-- Data section follows --
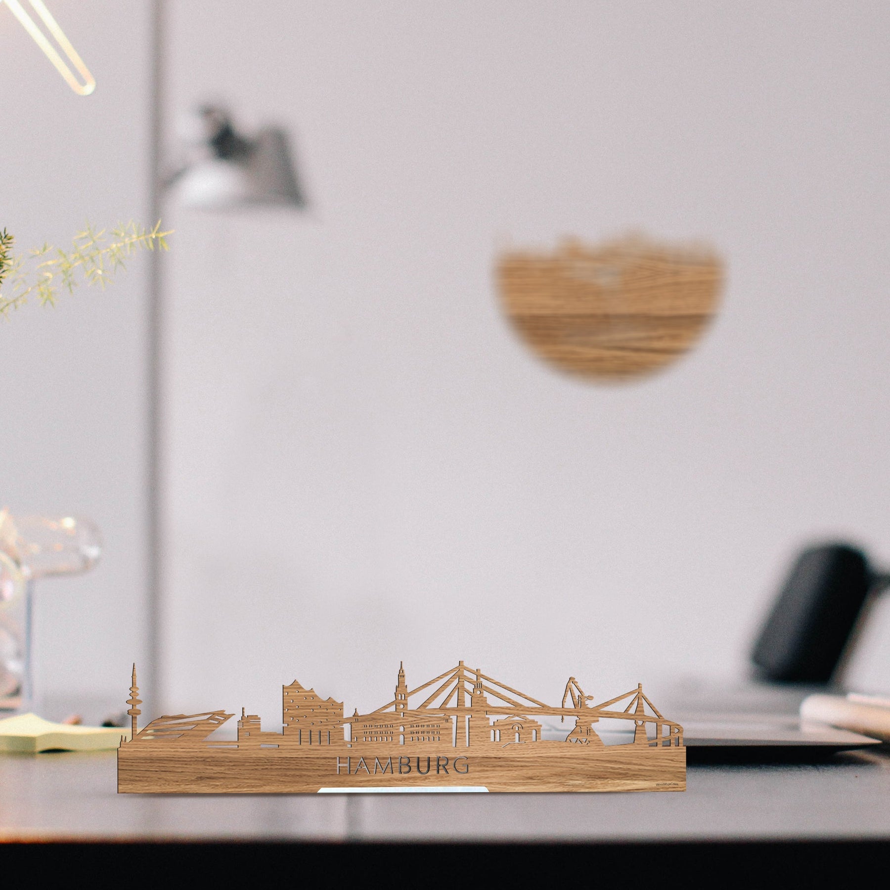 Standing Skyline Hamburg Eiken houten cadeau decoratie relatiegeschenk van WoodWideCities
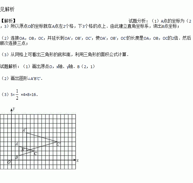 (1)请在方格纸上建立平面直角坐标系,使A(2,3),C(6,2),并求出B点坐标;
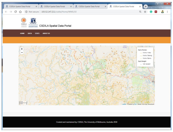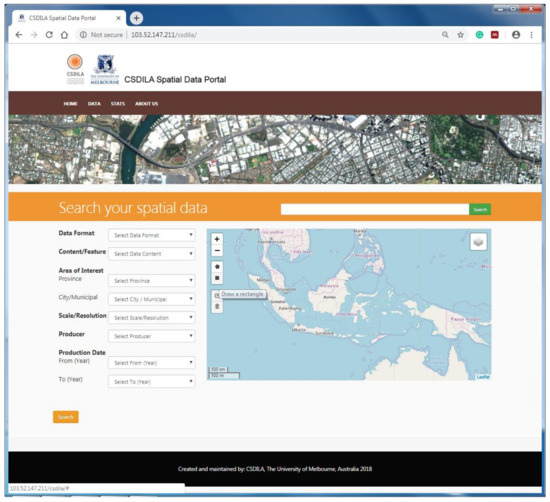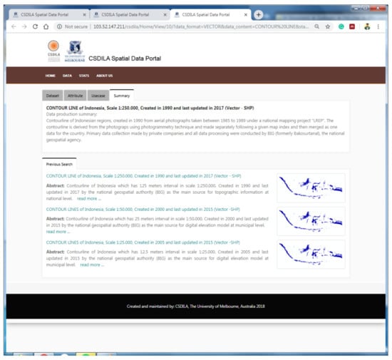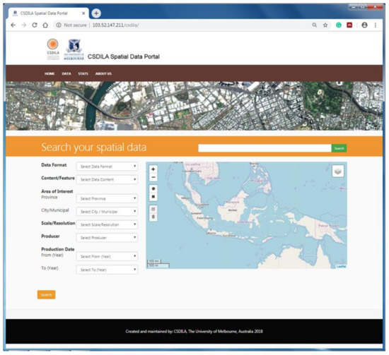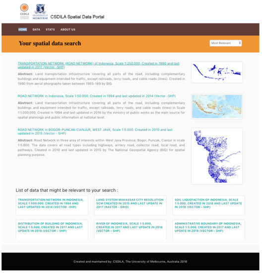 The spatial data available from the Indonesian Spatial Data Infrastructure was selected for the purpose of prototyping. The selection of the spatial data is based on two criteria: Open access to spatial data and its services and a variety of themes. The prototype is implemented as a web portal that selected spatial data users can use for evaluation. The prototype consists of four main pages: The search page (as the homepage), the search results page covering the data search and discovery functionalities, the dataset metadata page (with tabs) and the web map service page covering data selection functionalities.
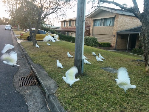 We have a bird feeder hanging just outside the window out the back. The cockies have become quite aggressive with it, scaring the other smaller birds away and often fighting each other for a perch. When the seed has run out they sit in the feeder and tap on the window, if we don’t feed them they sometime start tearing away at the side of the house. They are not afraid, often when I fill the feeder with new seed they will hold their ground and grab the spoon in their beak before I get a chance to empty the seed into the tray. Their beaks look like they would do a lot of damage to a finger!
-- Data section concluded --
§ Exercise aim: Return exactly the lines of the data, beginning with the first and ending with the line containing "(1)请在方格纸上建立平面直". Skip the pictures.

§ Answer for this exercise:
 Standing Skyline Hamburg Eiken houten cadeau decoratie relatiegeschenk van WoodWideCities
 (1)请在方格纸上建立平面直角坐标系,使A(2,3),C(6,2),并求出B点坐标;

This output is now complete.